The prince’s steed had not yet reached the enemy ranks when Dil Aaram struck her hands together. Prince Asad’s horse grew wings and took flight. He tried to control it and used the whip but the horse only stopped once it was high in the air, suspended between the Earth and the sky. Prince Asad bit the back of his hand in frustration as he helplessly watched the battle underway on the ground. Dil Aaram kept watch to make sure the prince remained safe from calamities and that no sorcerer took him captive.

While Mahrukh Magic-Eye’s camp was in this state of commotion, the sorcerer Jamosh fought his way toward Mahrukh Magic-Eye and threw a cluster of needles at her after reciting a spell. Mahrukh Magic-Eye dove into the ground and, breaking the surface of the earth, emerged at Jamosh’s back. She shouted her war cry and shot an arrow, which flew through Jamosh’s back and he fell dead to the ground.
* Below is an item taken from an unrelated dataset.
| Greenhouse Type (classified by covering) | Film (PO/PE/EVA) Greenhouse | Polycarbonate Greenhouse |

Thousands of frightful noises rose. The sun made by his magic turned to paper and floated down to the ground. Its light dimmed and extinguished and the sorcerers of Mahrukh Magic-Eye, who had turned to stone, returned to life and started fighting.

When Kohan saw events take this turn, he immediately slashed his thigh open. He drew his own blood and sprinkled it on a fistful of gravel. Then he recited a spell and threw it in four directions. Suddenly a dark whirlwind engulfed them and everyone closed their eyes. When they opened them a moment later, they saw huge mountains ready to fall on Mahrukh Magic-Eye’s army. Seeing this sight, Shakeel’s army hastily retreated.
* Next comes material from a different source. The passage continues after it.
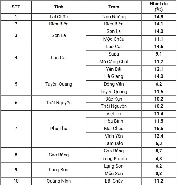 Nhiệt độ thấp nhất trong đợt không khí lạnh này ở khu vực Bắc Bộ và Thanh Hóa, phổ biến ở mức 10-12 độ C, riêng vùng núi 6-9 độ C, vùng núi cao có nơi dưới 3 độ C. Vùng núi cao các tỉnh Bắc Bộ đề phòng hiện tượng băng giá.
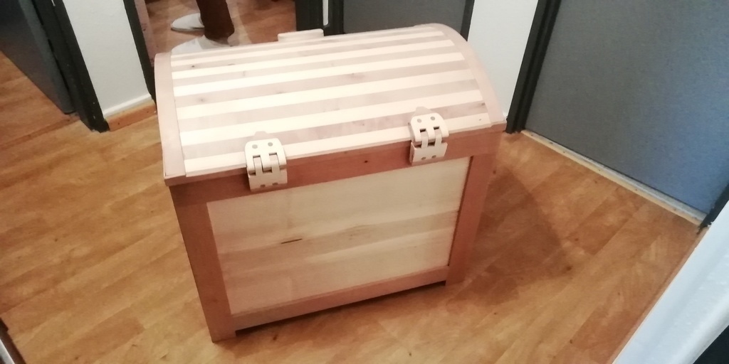 Très chouette le coffre et charnieres bois c'est la classe. T'as fixé comment les lattes du couvercle sur Le bords ?

At that moment, Mahrukh Magic-Eye recited an incantation, struck her hands together, and called out to the waxen magic effigy she had made and cast into the fire, “O magic effigy, it is time!”

Immediately upon her call, a lightning bolt flashed and the jingling of ankle bells was heard. A beautiful woman covered with ornaments, sporting a fine costume and riding a flying throne came into view. To compare her exceeding beauty even to a houri’s would have been an insult to reason. The spring of her youthfulness and her swelling bosom were a sight to behold.

She took up position on the battlefield and when Kohan came fighting toward her, that moon-like beauty called out to him, “O KOHAN, I CAME HERE FOR YOUR SAKE BUT YOU NEITHER ADDRESS ME NOR SHOW ME THE LEAST ATTENTION. NOW I WILL LEAVE.” When Kohan heard these words and beheld the glowing aspect of that fairy-like creature, he was wounded by the dagger of her charm. As he approached her, she asked, “TELL ME WHAT ARE YOUR INTENTIONS?” He answered, “I am in love and besotted with you. Both my heart and soul are smitten to their very cores and possessed with thoughts of you.” The fairy-like creature answered, “IT WOULD BE DIFFICULT FOR YOU TO HAVE ME.” As she spoke these words she fanned Jamosh with her jewel-enchased hand fan. Feeling its wafts of air, Jamosh started reciting love couplets. As the beauty moved away on her flying throne Kohan called out to her, “Don’t leave me in this state between life and death.”

When she returned at Kohan’s importuning and solicitations, he put his head at her feet. In her presence he became completely unmindful of himself and forgot he was on a battlefield. The magic effigy said, “WHAT KIND OF LOVE DO YOU PROFESS TOWARD ME WHEN YOU FIGHT PRINCESS MAHRUKH MAGIC-EYE, FOR WHOM I AM A HUMBLE SLAVE? CALL BACK YOUR SOLDIERS AND DISPEL YOUR MAGIC.” Kohan recited a spell and the very mountains he had raised with his magic became gravel and fell down. Kohan also ordered his army to stop combat. When they stopped, they too became engrossed in the beautiful vision of the magic effigy and lost power over their senses and reason.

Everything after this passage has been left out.